On day one, our Taxi driver dropped us off for a 15-minute visit to Xanthos, a UNESCO world heritage site and the ancient Lycian capital. Lycia was a region in Anatolia in what are now the provinces of Antalya and Mugla on the southern coast of Turkey. It was a federation of ancient cities in the region and later a province of Rome. The Lycian League was the first federation in the world with democratic principles and it later influenced the United States Constitution. The city ruins were empty, except for the grazing sheep in the amphitheater, and we quickly walked the site. We were interested to read that Roman senator Brutus (one of Julius Caesar’s assassins) conquered Xanthos and having all just watched HBO’s Rome series, the image of actor Tobias Menzies stayed in our minds. Our driver honked the horn a few times and we jumped in the taxi to Alinca.
After a bit of searching we found the trail marker and started our first day of hiking.

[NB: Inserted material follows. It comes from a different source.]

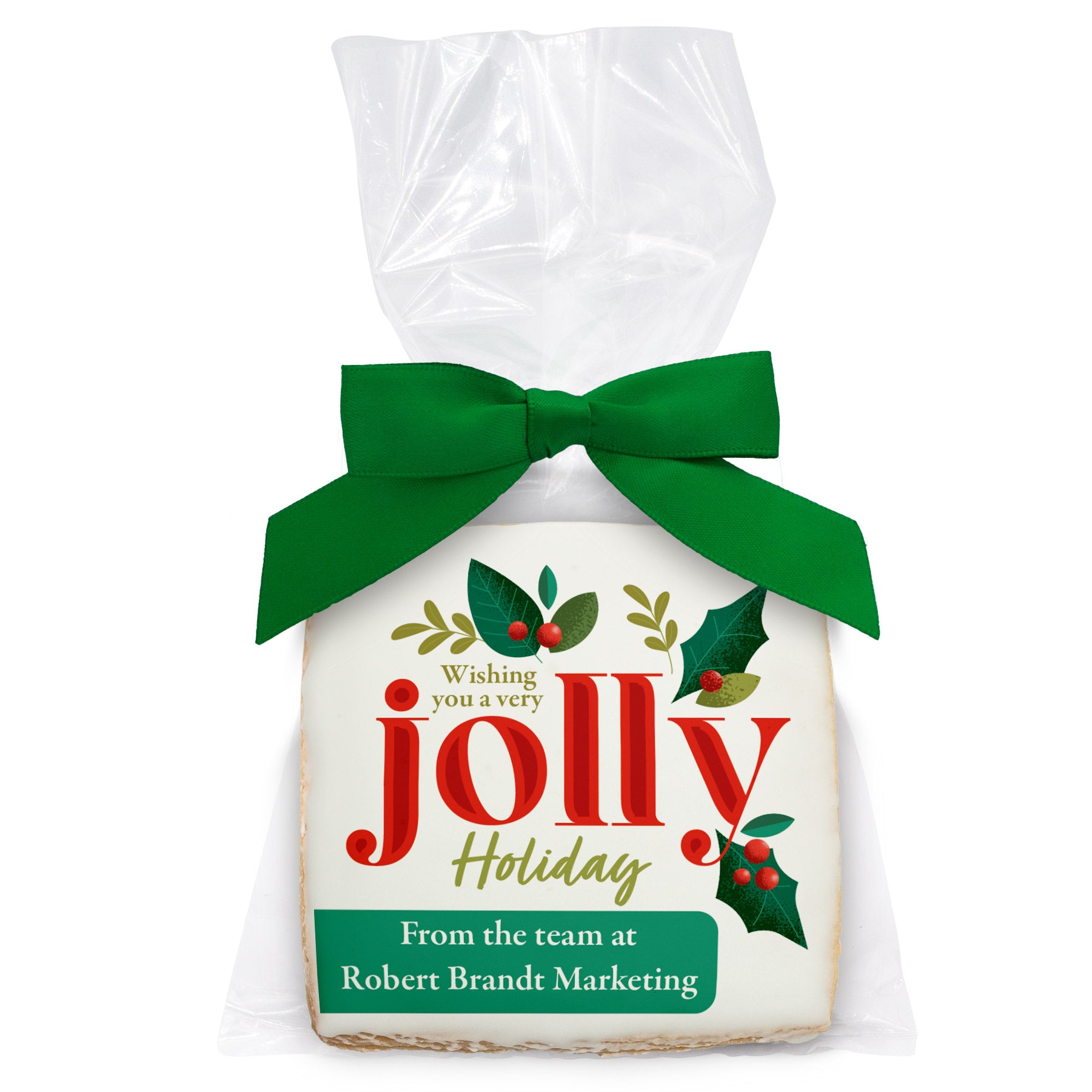 Wishing you a Jolly Holiday - Personalized Direct Print On Square Sugar Cookie w/ Gift Bag & Matching Bow
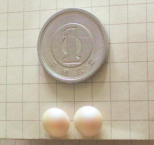 1円玉の大きさは2cmでございます(お手元の1円玉で大きさの比較ができます)こちらは大きさ5ミリです。

We followed mule trails over limestone and granite rocks, through olive and pine trees, while keeping the Mediterranean on our left. The trail is well-marked with red-and-white painted trail markers hastily swiped over large stones (see image). In places where there is some doubt as to where the trail goes, the wrong fork is marked with a red “X.” While the trail was rated “easy” by our guidebook, I’d say it was moderate; anytime you have to use your hands, I think your rating slides into the moderate category. We’d heard that this was Turkey’s first long-distance footpath and it was indeed beautiful. The large granite cliffs and boulders reminded us of Yosemite back in northern California. Within the first couple hours we passed by some grazing goats, one of which was in a tree -- four feet off the ground – munching leaves and small branches. After about four hours of hiking we descended upon the small village of Kabak, where we would spend the night. We asked directions from some men working on leveling a road. Their dog was a large Sheppard with a giant spiked-collar. The metal spiked collar is the traditional collar worn by Turkish Shepherd dogs while guarding their herds and the collars protect the dog and aid in fighting against wolves and bears. Every blacksmith has his own style; this one had six 8-inch spikes radiating from the dog’s neck. We quietly slipped past and found a pension in Kabak.

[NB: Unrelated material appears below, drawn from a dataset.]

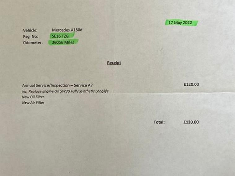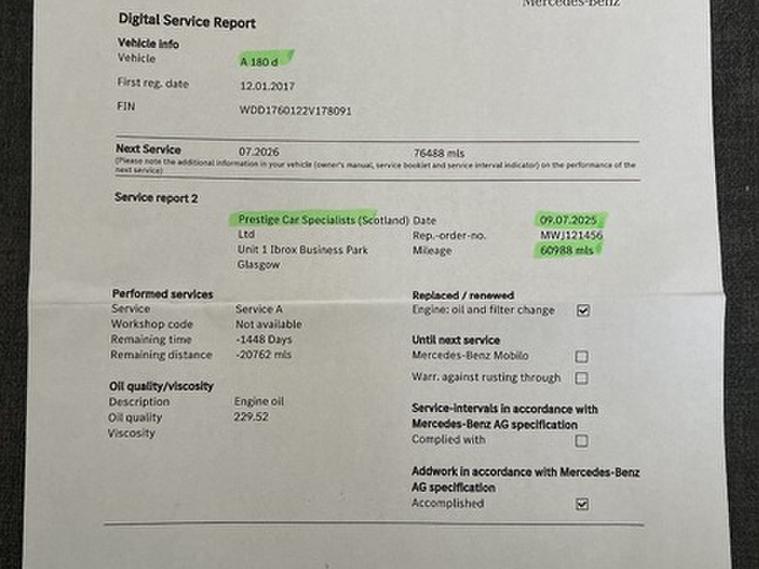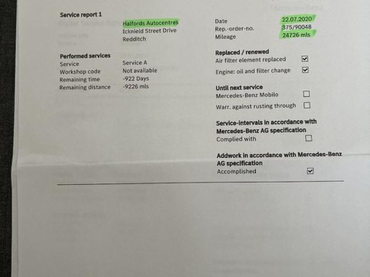 This car comes with 5 seats, Black, 2 owners, 16in Alloy Wheels - 5-Twin-Spoke Design, 7in Tablet-Style Colour Display, ABS - Anti-Lock Braking System, ASR - Acceleration Skid Control, ATTENTION Assist, Active Bonnet - Pedestrian Safety Measure which Detects an Impact and Raises Bonnet by 65mm, Adaptive Brake Assist with Hold Function and Hill Start Assist, Adaptive Brake Lights, Air Conditioning - THERMATIC, Air Vents with Black Surround - Petrol Green Insert and Cruciform Nozzle, Airbag - Drivers Knee, Airbag - Dual-Stage - Front Passenger, Airbags - Dual-Stage - Driver, Airbags - Head for Driver and Front Passenger, Airbags - Windowbags for Driver and Front Passenger, Alarm System with Interior Protection, Audio 20 Radio-CD-MP3 Compatibility, Automatic Child Seat Recognition Sensor, BAS - Brake Assist, Beltline Strips - Chrome, Bluetooth, Brake-Pad Wear Warning Indicator, Bumpers - Body-Coloured, Centre Armrest - Front with Storage, Childproof Locks - Manually Operated for Rear Doors and Electrically Operated for Rear Power Windows, Collision Prevention Assist Plus, Controller on Centre Console with Chrome Surround, Crash Sensor with Emergency Opening Function for Doors, Crash-Responsive Emergency Lighting, Cruise Control with SPEEDTRONIC Variable Speed Limiter, Cup Holder - Twin, Direct Select Gearshift Lever, Door Handles - Body-Coloured, Door Mirrors - Body Coloured, Door Mirrors - Electrically Adjustable and Heated, Door Mirrors - Integrated LED Indicators, Door Sill Panels - Mercedes-Benz Lettering, ESP - Electronic Stability Programme, ESP Cornering Dynamics Assist, Electric Parking Brake, Electronic Key - Chrome Surround, Exhaust System - No Visible Tailpipes, First Aid Kit, Fluid Level Warning Indicator for Fuel - Oil - Coolant and Washer Fluid, Footwell Lights in Front, Glove Compartment - Illuminated, Head Restraints - Manually Adjustable - Front and Rear, Headlight Assist - Automatic Headlight Activation, Headlights - Halogen, Headlights - Integrated Daytime Running Lights, Heated Rear Window with Timer Control, High Level Third Brake Light - LED, ISOFIX and Top-Tether Child Seat Fixing Points in Rear - Two Outer Seats, Immobiliser, Indicators - Lane Change Function, Instrument Cluster with 4 Analogue Dials and Needles Suspended in Six-o-Clock Position, Light Failure Indicator, Load-Securing Rings in Luggage Compartment, Luggage Compartment Cover, Media Interface, Mercedes Me Connect, Outside Temperature Gauge, Power Steering - Speed-Sensitive, Pre-Wiring for Garmin Map Pilot Navigation System, Radiator Grille - Diamond in Black with One Louvre Painted in Vehicle Colour and Chrome Insert, Radio Aerial Roof Spoiler, Rear Seats - Split Folding 1-3 - 2-3, Rear Windscreen Wiper, Remote Central Locking, Reversing Camera with Parking Guidelines - 180 Degree View, Roof Lining - Grey Fabric, SD Memory Card Slot, Seat Belt Reminder - Front and Rear, Seat Comfort Package, Seat Occupancy Sensor - Front Passenger Seat, Seats - Cushion Angle Adjustment for Front, Seats - Front Cushion Length Adjustment, Seats - Front Manually Adjustable, Seats - Height Adjusters, Service Indicator ASSYST, Side Skirts - Body-Coloured, Sidebags for Driver and Front Passenger, Speakers x6, Steering Column - Manually Adjustable for Height and Reach, Steering Wheel - 3-Spoke - Trimmed in Leather with Perforated Leather in Grip Area, Steering Wheel - Gear Shift Paddles, Steering Wheel - Multi-function, Storage Compartment Beneath Load Compartment Floor, Suspension - Comfort, TIREFIT Tyre-Sealant Kit, Tail Lights - Partial LED, Telephone Keypad, Trim - Honeycomb, Trip Computer, Twin Radio Tuner - FM-AM, Tyre Pressure Monitoring System, USB Ports in Centre Console x2, Warning Triangle, Windows - Electric x4, eCall - Emergency Call System,

The second day we rose early, had the traditional Turkish breakfast of olive, cheese, bread, tomatoes, and cucumber, and starting climbing the trail amongst olive groves and stone fences. Every so often we saw a tortoise slowly making its way across the trail. We climbed to a ridge and followed it most of the way to Faralya. The views of the Mediterranean were stunning. We saw the Greek Island of Rhodes off in the distance as well as the picture perfect bay of OluDeniz. After only four hours, we arrived in Faralya and checked into George House hostel. From there, we had some lunch and then climbed a trail a couple hundred meters straight down into Butterfly Valley to see the beach. The trail was extremely narrow and steep and at three or four sections a rope was needed to negotiate the trail. We made it down in about an hour and – because the beach was closed off that day -- we hiked right back up. From the top we congratulated ourselves and admired the granite cliffs and turquoise Mediterranean Sea.
The hike to Faralya and then the climb down to the beach constituted a full day for us. My wife’s trendy Sketcher shoes looked nice but were not ideal for hiking over rocks and boulders. We decided to skip the third day and head straight back to Fethiye. I was anxious to let our guesthouse owner know we really enjoyed hiking the “wrong direction” on the Lycian Way.